Department of Homeland Security specialists are in the "early" stages of decoding a sophisticated hacking campaign targeting energy, nuclear power and manufacturing firms this year, according to an official familiar with the case.
Mark Bristow, deputy division director for the Hunt and Incident Response Team [HIRT] at DHS's National Cybersecurity and Communications Integration Center, said the agency had not identified any risk to public safety from the cyber incidents, which date back to at least May and were first reported by E&E News last month (Energywire, June 27).
Bristow said that there was so far nothing "abnormal or unusual" about the recent malicious activity but added that federal officials treat any such events as "a serious matter."
"We take even what might be considered reasonably mundane intrusions into corporate environments of critical infrastructure asset owners very seriously, in the event that this is just the first stage of an intrusion with an intention to cause physical damage or anything like that," Bristow said. "The challenge with [cybersecurity] is that the difference in time between an adversary just gaining access and poking around and attempting to have an effect or consequence can be very short. So we have to take it seriously from the beginning to ensure that public safety impact won't — or can't — be realized."
The recent hacking campaign relied on "spearphishing" emails to lure employees into clicking on a hijacked resume for a "controls engineer," according to multiple sources and documents. The hackers also booby-trapped webpages likely to be visited by power-sector workers in a "watering hole" attack, among other tactics.
The Washington Post reported Saturday that U.S. government officials have already linked the digital assailants to Russia (Energywire, July 10). The New York Times first disclosed last week that the Wolf Creek Nuclear Operating Corp. was among the companies affected by the breach.
A spokeswoman for the Kansas-based nuclear power facility declined to comment on security matters but said there has been no impact to safety systems. The Nuclear Regulatory Commission, which monitors safety and cybersecurity at the reactor level of nuclear power plants, said the case "is not related to the cyber assets under our regulations and oversight," indicating the cyberthreat never reached that tightly guarded level.
But were hackers aiming for nuclear operations?
Bristow declined to name targets or speculate on the adversary's ultimate goals. But he offered a general warning about jumping to conclusions so early in any investigation.
"Even if you see something that's targeted at control engineers, it doesn't necessarily mean that they're going after control systems — or it could," he said. "This is the challenge that we have: trying to make sense of a mountain of data and make assessments."
In a phone interview yesterday, he pointed out that "there's a perception that because cyber moves so fast, that the investigation and the analysis also will move as fast — and that's just not true."
Hunting for clues
DHS's Hunt and Incident Response Team was launched last October to help identify and root out suspicious activity on key federal and private networks. The group of cybersecurity specialists was drawn from both the IT-focused U.S. Computer Emergency Readiness Team and the more operationally savvy Industrial Control Systems Cyber Emergency Response Team, where Bristow worked before leading HIRT.

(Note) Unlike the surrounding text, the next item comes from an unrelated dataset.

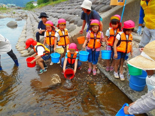 放流に合わせて、石沢・由利・矢島・鳥海の各地区では保育園児・学童による体験放流も行われました。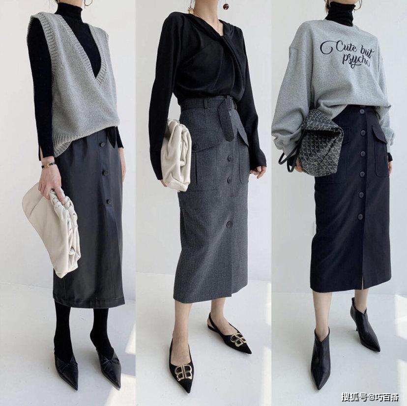 对于上班族来说,秋冬衣橱必备的单品需要get一下。首先我们来看一下这组look中的铅笔裙,这种笔直的裙型,搭配上高腰短打的穿法,轻松就能打造出大长腿的既视感,利落又不失气场。而且略修身的版型,还能包裹出下半身曲线美,更添优雅轻熟的韵味。

Like most DHS cybersecurity offices, Bristow and his crew help critical infrastructure operators and government agencies on a voluntary basis. They may be called in to investigate after a suspected breach — the "incident response" part of the mission — or invited to simply "hunt" around on seemingly calm systems.
"Our bread and butter on both sides is looking for anomalies," Bristow said. "One of the scariest things I can have happen is one of my [team members] saying, 'Huh, that looks strange.'"
He declined to detail the size of the team, citing security concerns, but noted that the group is readying itself to "rise to the challenge if something large-scale occurs."
The DHS branch housing HIRT was one of the few government offices that was spared budget cuts under President Trump's fiscal 2018 proposal, and would instead see a more than $50 million boost compared to 2017 levels (Energywire, June 1).
Bristow said that awareness of critical infrastructure security has grown since 2010, when news first emerged of the Stuxnet worm that damaged Iranian nuclear centrifuges in the late 2000s.
Now, he said his team encounters "constant activity" directed against critical infrastructure providers, but noted that fact alone isn't cause for alarm.
"When people see any type of thing 'cyber' in interesting industries like energy or nuclear, they get very excited," he said. "It's most important to keep a calm head. The lights stayed on yesterday — they were working, at least, here in Virginia. There is a whole cadre of dedicated professionals both in the government and private sector and academia who are working this issue."